Especialistas alertam que pacientes oncológicos apresentam maior risco de desenvolver pressão alta, seja por fatores compartilhados, como sedentarismo, obesidade e tabagismo, ou pelos efeitos dos próprios tratamentos.
Estima-se que aproximadamente 33% dos pacientes possam desenvolver hipertensão durante o tratamento contra o câncer. Em muitos casos, a condição pode ser reversível após o término da terapia, mas exige monitoramento rigoroso ao longo de todo o processo.
Tratamentos como quimioterapia e radioterapia podem impactar diretamente o sistema cardiovascular, elevando a pressão arterial e aumentando o risco de complicações, especialmente em pacientes que já possuem doenças cardíacas ou fatores de risco associados.
“A hipertensão em pacientes oncológicos é uma preocupação crescente, já que alguns tratamentos podem elevar a pressão arterial, especialmente em tumores renais, intestinais e gástricos. Por isso, o acompanhamento cardiovascular deve ser contínuo e individualizado, com controle da pressão arterial por meio de tratamento medicamentoso associado a mudanças comportamentais. É fundamental estimular o paciente à adesão às orientações médicas e a um estilo de vida saudável, fatores que impactam diretamente o prognóstico”, explica a coordenadora de Cardiologia do Hospital da Bahia, Taís Sarmento.

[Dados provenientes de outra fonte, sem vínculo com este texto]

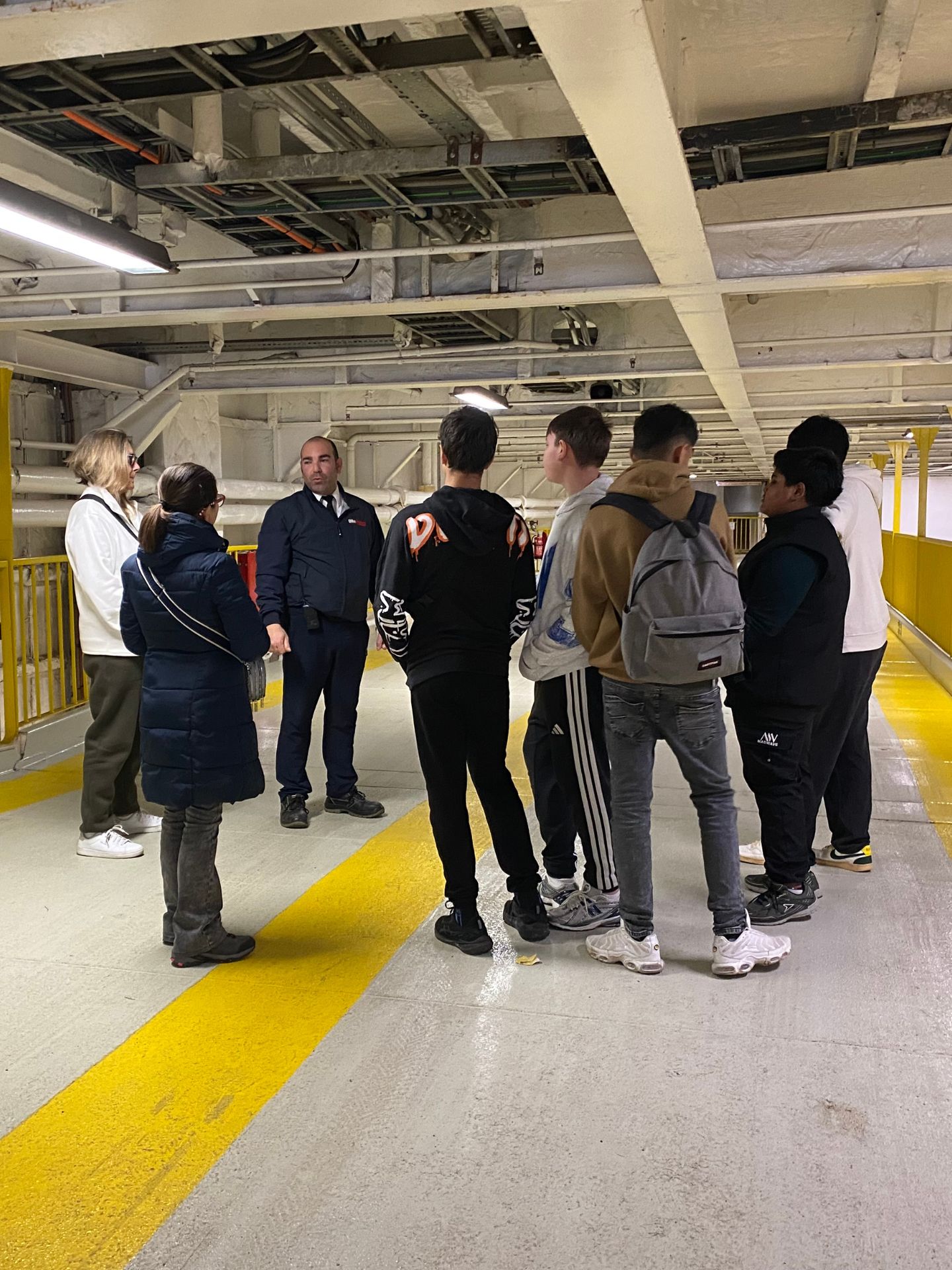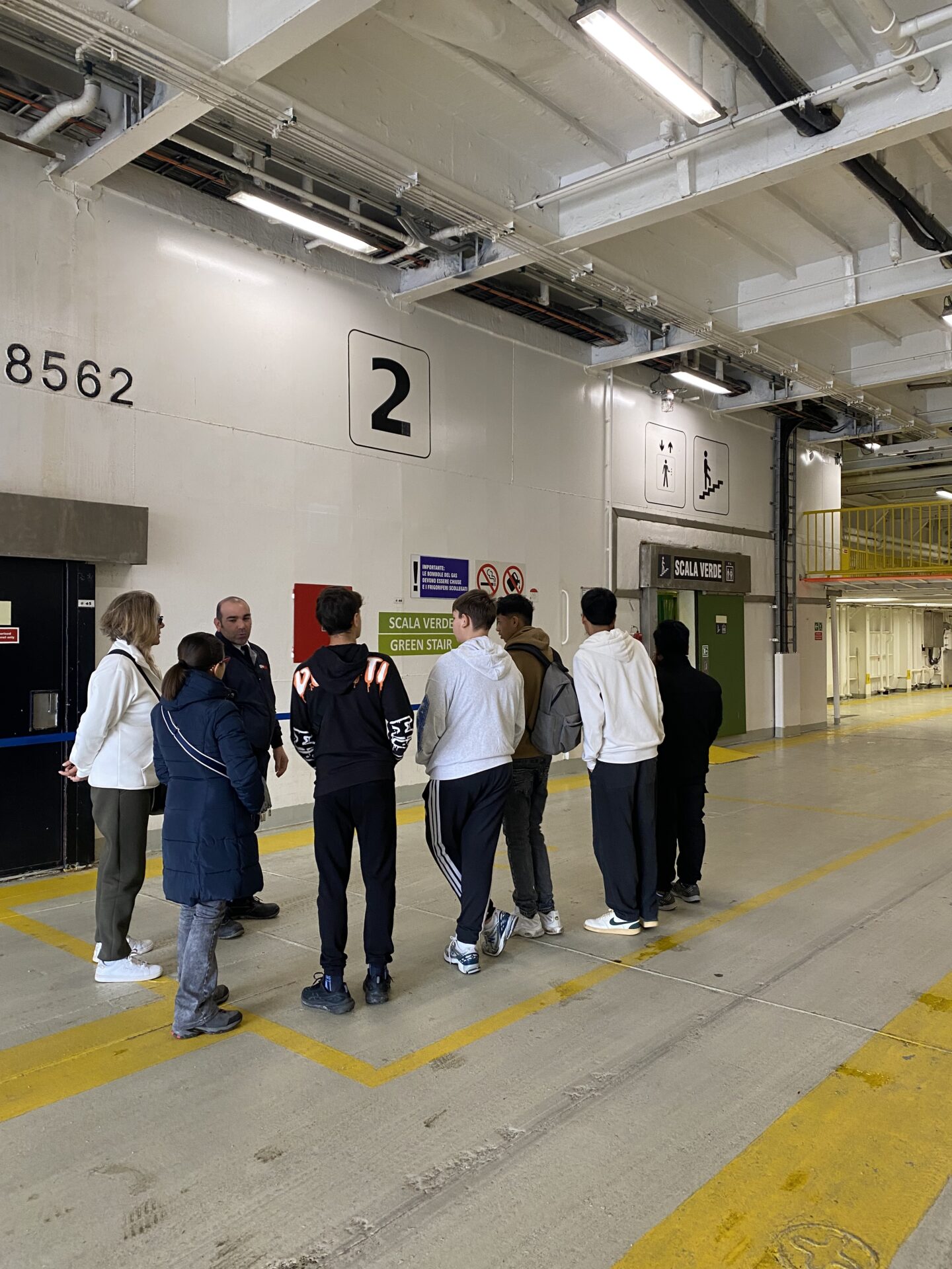 Captain Andrea Megna welcomed the students and explained how the ship works, its onboard equipment and, above all, the different professional roles that make every crossing possible. A direct and engaging way to show that behind every journey there are skills, education, responsibility and teamwork.

Nesse cenário, a atuação de uma equipe multidisciplinar é fundamental. O acompanhamento conjunto entre oncologistas e cardiologistas permite avaliar riscos e prevenir danos ao coração desde o início do tratamento.
“O tratamento do câncer exige um olhar integrado para além do tumor. É essencial uma abordagem coordenada para prevenir, identificar precocemente e controlar a hipertensão que pode surgir ou se intensificar durante a terapia. Esse acompanhamento conjunto permite ajustar condutas, reduzir riscos cardiovasculares e garantir que o paciente siga o tratamento oncológico com mais segurança e melhores resultados”, destaca a oncologista da clínica AMO, Júlia Andrade.
A hipertensão arterial é considerada o principal fator de risco modificável para complicações cardiovasculares em pacientes com câncer e, também, em pacientes que superaram a doença. Por isso, a prevenção deve começar desde a primeira consulta, levando em conta o histórico clínico e os fatores de risco de cada paciente.
Entre as principais recomendações para proteger o coração antes, durante e após o tratamento oncológico estão: parar de fumar, evitar o consumo excessivo de bebidas alcoólicas, manter uma alimentação equilibrada, controlar o peso, praticar atividades físicas regularmente, além de controlar doenças como diabetes e colesterol elevado.
Apesar de não ter cura, a hipertensão pode ser facilmente diagnosticada e controlada com o uso de medicamentos e mudanças no estilo de vida. O acompanhamento regular da pressão arterial é essencial para garantir mais qualidade de vida e melhores desfechos no tratamento do câncer.